- [EXERCISE DESCRIPTION]:
Copy out the data exactly as it appears, without a single image.

- [DATASET SECTION]:
═══
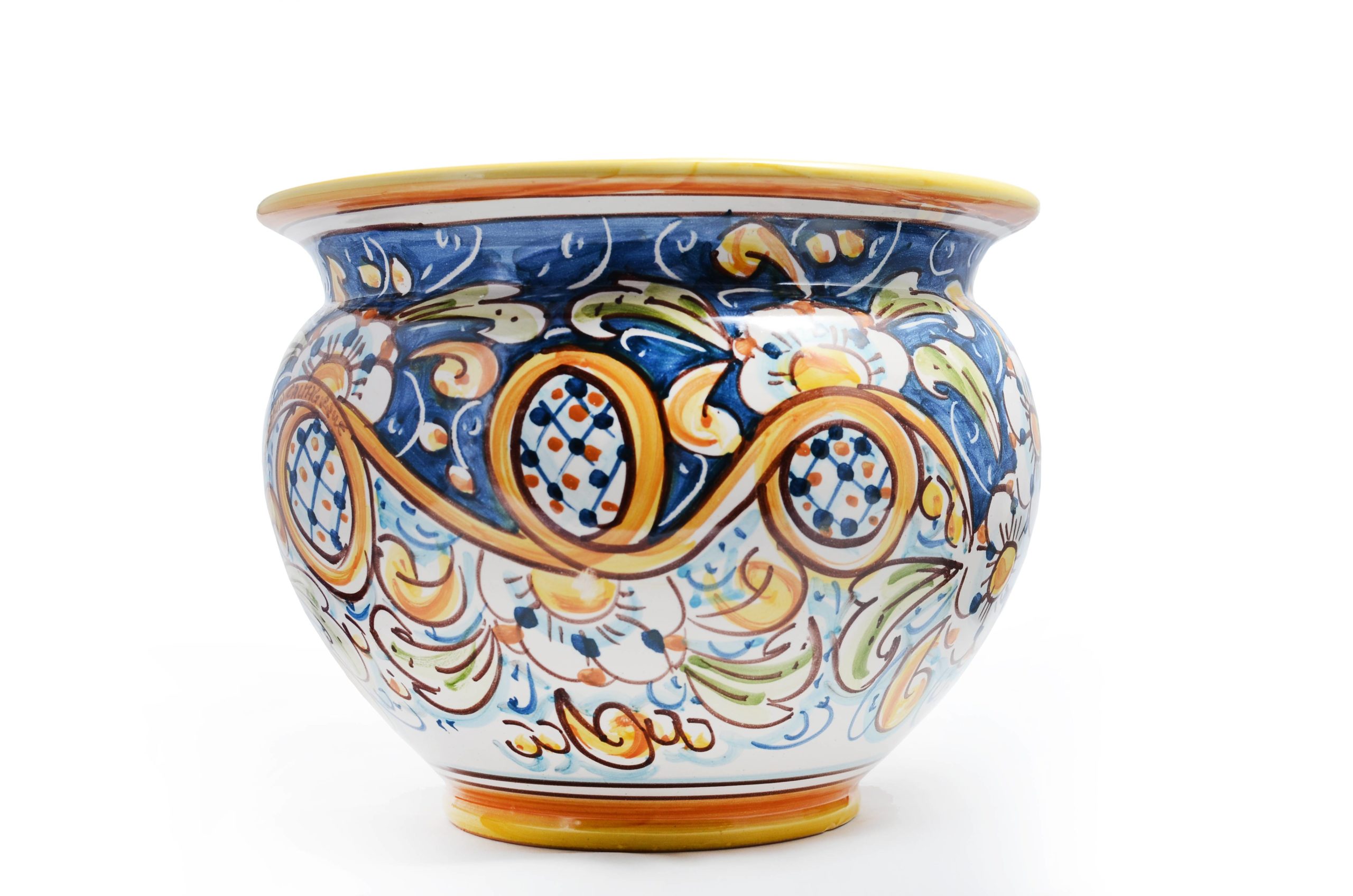 cachepot in ceramica di Caltagirone, decoro floreale.
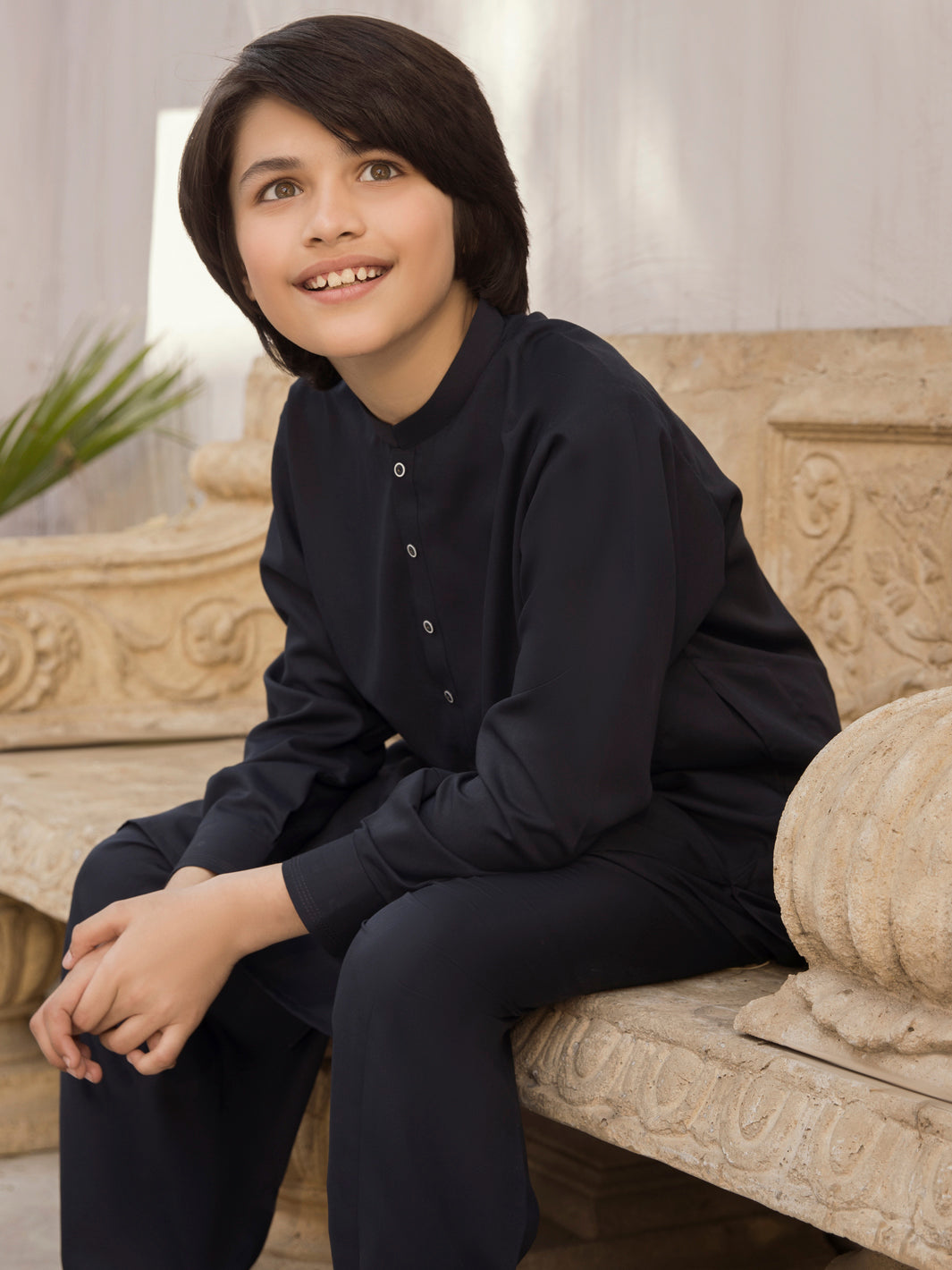 Navy Blue Blended Boy Kameez Shalwar - ALT-KS-030C
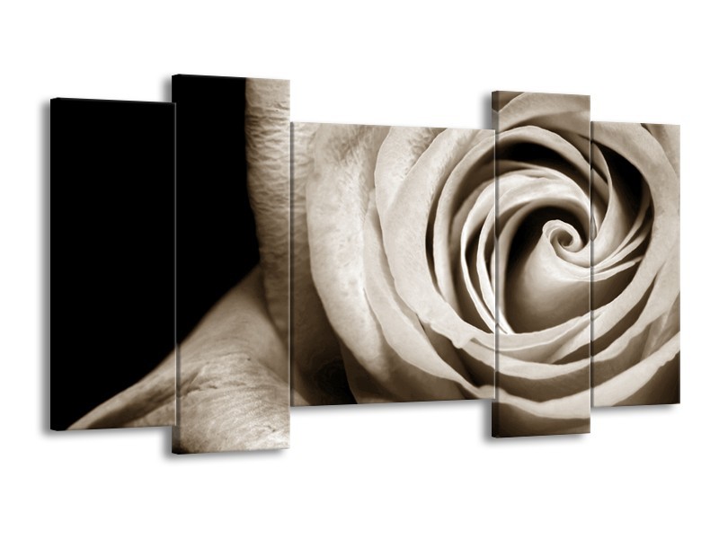 Canvas Schilderij Roos, Bloem | Sepia, Bruin, Zwart | 120x65cm 5Luik
═══
- [RESULT OF THE TASK]:
 cachepot in ceramica di Caltagirone, decoro floreale.
 Navy Blue Blended Boy Kameez Shalwar - ALT-KS-030C
 Canvas Schilderij Roos, Bloem | Sepia, Bruin, Zwart | 120x65cm 5Luik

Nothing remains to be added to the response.